I've attempted to run this as either an asyncio loop using ThreadPoolExecutor and as a pool with dozens of workers. I'm able to use substantially more threads than I have available processor cores because the bulk of the time is spent waiting on URL responses, which opens threads to make new requests.

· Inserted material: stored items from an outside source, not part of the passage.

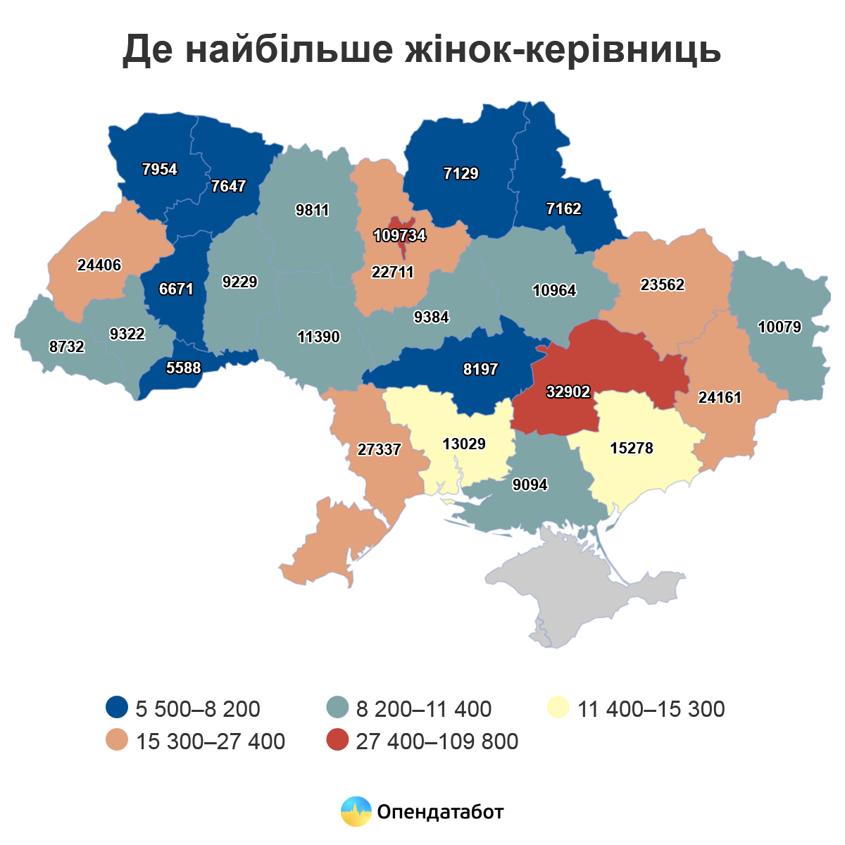 Украина: На 2025 г (четвёртый год войны с Россией и период агрессивной мобилизации мужчин) произошел рост руководителей женщин в частном бизнесе, каждый третий (449 тысяч украинских компаний) бизнес на Украине возглавляет женщина. Руководители женщины преобладают в: образование — 70%; государственное управление и оборона, обязательное социальное страхование — 58%; деятельность в сфере творчества, искусства и развлечений — 58%; туризм — 57%, Больше всего женщин руководителей в прифронтовых областях: в 37% компаний на Донетчине, 35% бизнесов на Херсонщине и 34% — на Луганщине А топ 10 крупнейших компаний которыми руководят женщины имеют совокупный доход 2 триллиона 24 миллиарда гривен [23]
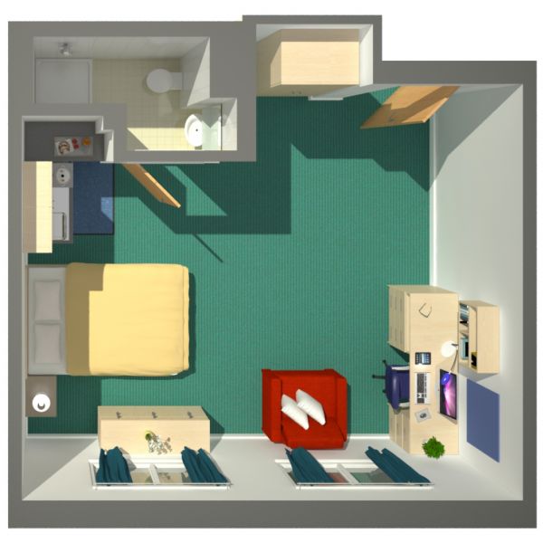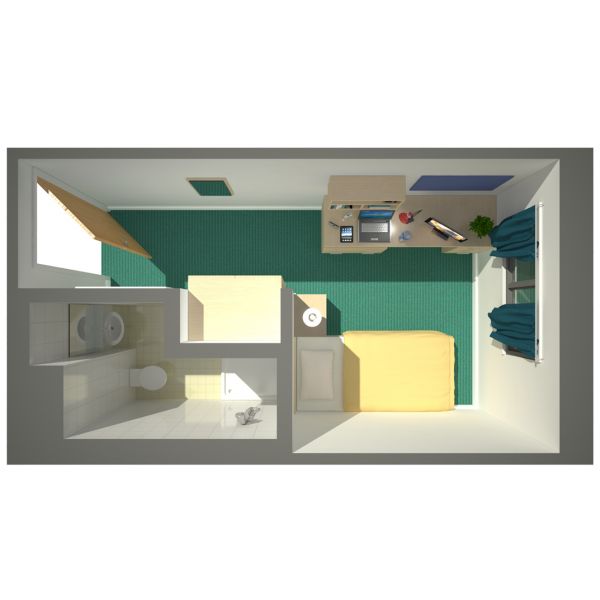 房间设计注重功能性,提供舒适的居住空间。室内配备全套家具、标准床型及独立卫浴。窗户可开启通风,配合独立的暖气与24小时热水,为您营造一个温暖私密的个人空间。
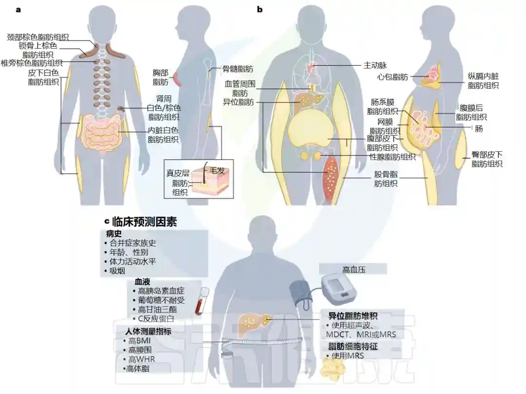 临床上可以根据病史、血液检查和人体测量指标以及异位脂肪堆积和不良脂肪细胞特征的成像来预测与肥胖相关的病理。
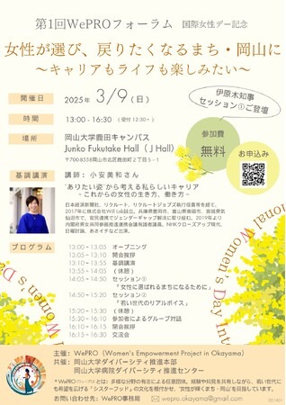 この一環として、地域や企業とともにこれらの取り組みを発展させていくため、多様な分野の有志により“女性が輝くまち・岡山”を目指して設立された団体 WePRO(ウィープロ)との共催でフォーラムを開催します。若者・女性の流出が続く岡山において、課題解決の契機として年齢・性別を問わず多くの方々にご参加いただければと思います。よろしくお願いします。
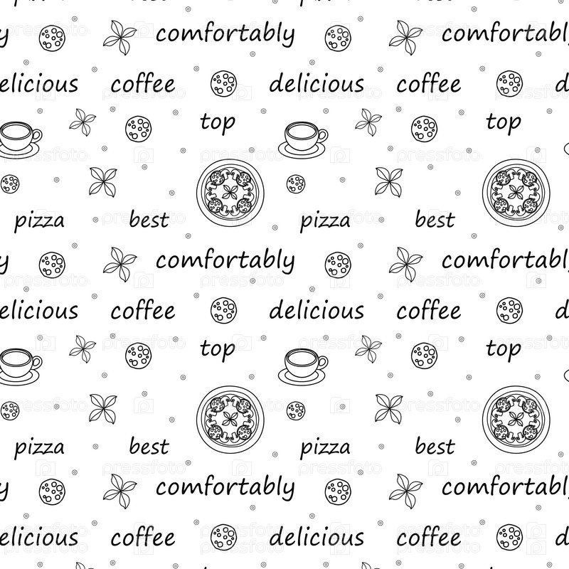 Бесшовный узор раскраски надписи уютная чашка кофе грибная пицца базилик черный контур на белом фоне
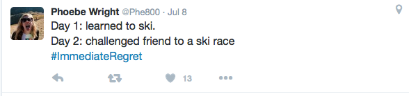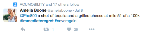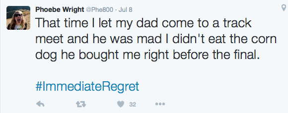 Wright may not have made the Olympic team, but in the days following she has been striking pure gold on Twitter. She challenged her followers to share their biggest #immediateregret. There were some hilarious gems from other runners—like pro obstacle course racer Rose Wetzel and Spartan race star Amelia Boone.
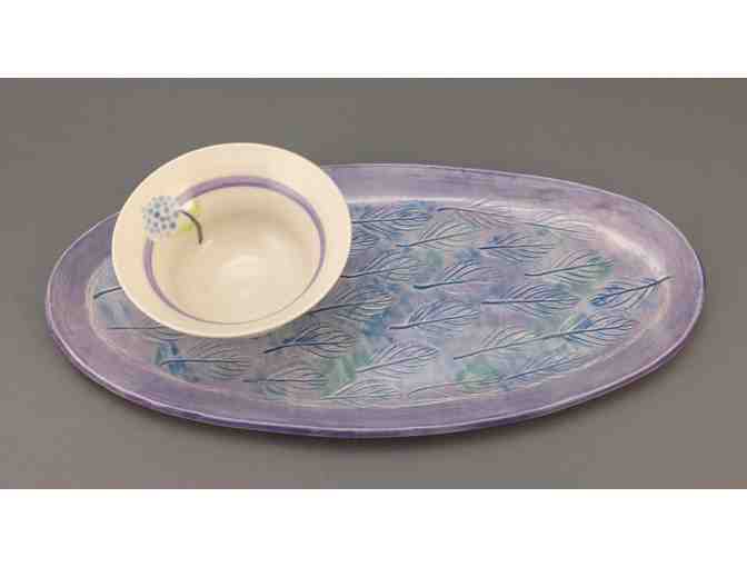 Soothing blues & greens and soft purples meld pleasantly in the enchanting design of this ceramic serving tray and dish, made by Caroline's Clay Things.

That said, I can't get any form of a pool or loop to continue past a single iteration of the while loop. The code looks something like this:

variables = ['thousands', 'of', 'variables']
interval = 15 # in minutes

class DoSomething() 
    def dosomething(self, variable, date, initialtime, interval):
        callweburl(variable, date, initialtime, interval)
        runstatistics
        saveCSV


def worker(variable)
    try: 
        ds = DoSomething(variable, date, initialtime, interval).dosomething()
        api.ds(variable)
    except:
        return False
pool = Pool(100)

program to get date, initialtime and currenttime
while initialtime < currenttime:
    while initialtime < initialtime * multiple of interval
        if __name__ == '__main__'
            for variable in variables:
                pool.apply_async(worker, (variable,))
        initialtime = initialtime + interval
    program to get date, new initialtime and currenttime
    time_to_pause = initialtime - currenttime + interval
    if time_to_pause > 0.0:
        time.sleep(time_to_pause)

The loops run fine when I'm replacing the apply_async call with DoSomething(variable, date, initialtime, interval).dosomething(). When I run them with either a pool or loop, they become sporadic at best. Depending on where I place pool.close() and pool.join(), they either run for a single loop and close the program or will be all over the board for the intervals the pool is collecting for. Sometimes it will collect data for the same time interval twice and other times it will skip ahead by days at a time.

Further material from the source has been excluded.